Le britanniche Enterprise e Richmond, la slovena Triglav e la tedesca Berlin si sono distinte nelle operazioni di soccorso. Peccato che i contribuenti europei non paghino la flotta di Eunavfor Med per raccogliere clandestini africani da sbarcare in Italia, ma perché contrastino i traffici di esseri umani. Come recita il sibillino mandato della missione, l’obiettivo è «interrompere il modello di business dei trafficanti». Il 28 ottobre le navi Ue hanno invece fatto incassare ai trafficanti oltre 2 milioni di euro incoraggiando altri a imbarcarsi su barconi e gommoni pagando il pizzo a criminali strettamente legati ai terroristi islamici, come ha ribadito recentemente anche il comandante della missione navale, l’ammiraglio Enrico Credendino.

Certo le navi Ue dopo aver imbarcato i clandestini hanno provveduto ad affondare le imbarcazioni di fortuna su cui viaggiavano per impedire che i trafficanti potessero recuperarli ma per fare questo non c’era bisogno di spendere centinaia di milioni all’anno e mettere insieme una flotta con 8 navi da guerra, aerei ed elicotteri. Le stesse cose le fanno già da tempo le navi militari dell’operazione italiana Mare Sicuro e dell’europea Triton: recuperano immigrati, affondano i loro natanti e li sbarcano in Sicilia. Al momento Eunavfor Med, che in determinate circostanze è autorizzata a usare le armi contro i trafficanti, può operare solo in acque internazionali perché i libici di tutte le fazioni non vogliono navi straniere nelle loro acque né truppe straniere sul loro territorio. In alto mare la flotta europea potrà al massimo arrestare alcuni scafisti da consegnare alle autorità giudiziarie italiane che nella maggior parte dei casi li hanno sempre lasciati a piede libero in attesa di processo come è accaduto finora a oltre mille scafisti fermati negli ultimi due anni.

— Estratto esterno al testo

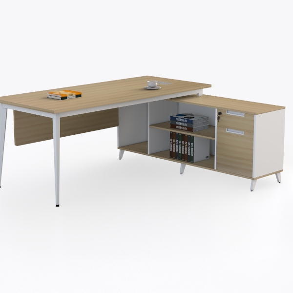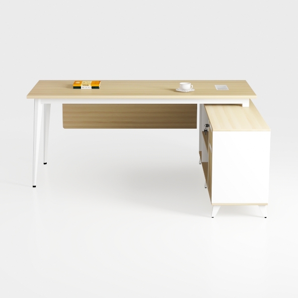 Designed with minimalist aesthetics and practicality, this piece takes cues from modern living. Warm wood grain contrasts with sleek white metal legs, offering a smooth, cool touch. Clean lines and bright tones create an airy look, ideal for home offices or studies. A compact drawer unit provides hidden storage, while the spacious surface fits laptops, books, and essentials, balancing style and function.

Così oltre all’incasso i trafficanti hanno il vantaggio di potersi vantare di aver sgominato la “bellicosa” missione Ue trasformandola in un’altra Mare Nostrum, ridicolizzando così quella poca credibilità che resta a Italia ed Europa, incapaci persino di impedire che le loro frontiere vengano violate da chiunque paghi il pizzo a criminali e terroristi. Del resto i fatti degli ultimi giorni confermano che la crisi libica non è gestibile con un negoziato dell’Onu né si può pensare di inviare decine di migliaia di soldati a stabilizzare l’ex colonia italiana. In questo contesto l’unica opzione ragionevole e attuabile persino dall’Italia da sola è riposta nel “sigillare” la Libia bloccando ogni mezzo navale in uscita dalle sue coste sequestrando carichi illeciti, respingendo sulle spiagge libiche gli immigrati impiegando scorte militari e tenendosi pronti a colpire eventuali Mig o imbarcazioni libiche che dovessero reagire alla violazione delle loro acque che però non riescono a controllare per impedire i traffici illeciti. Soluzioni talmente semplici e logiche che, ne siamo certi, nessuno in Italia adotterà mai.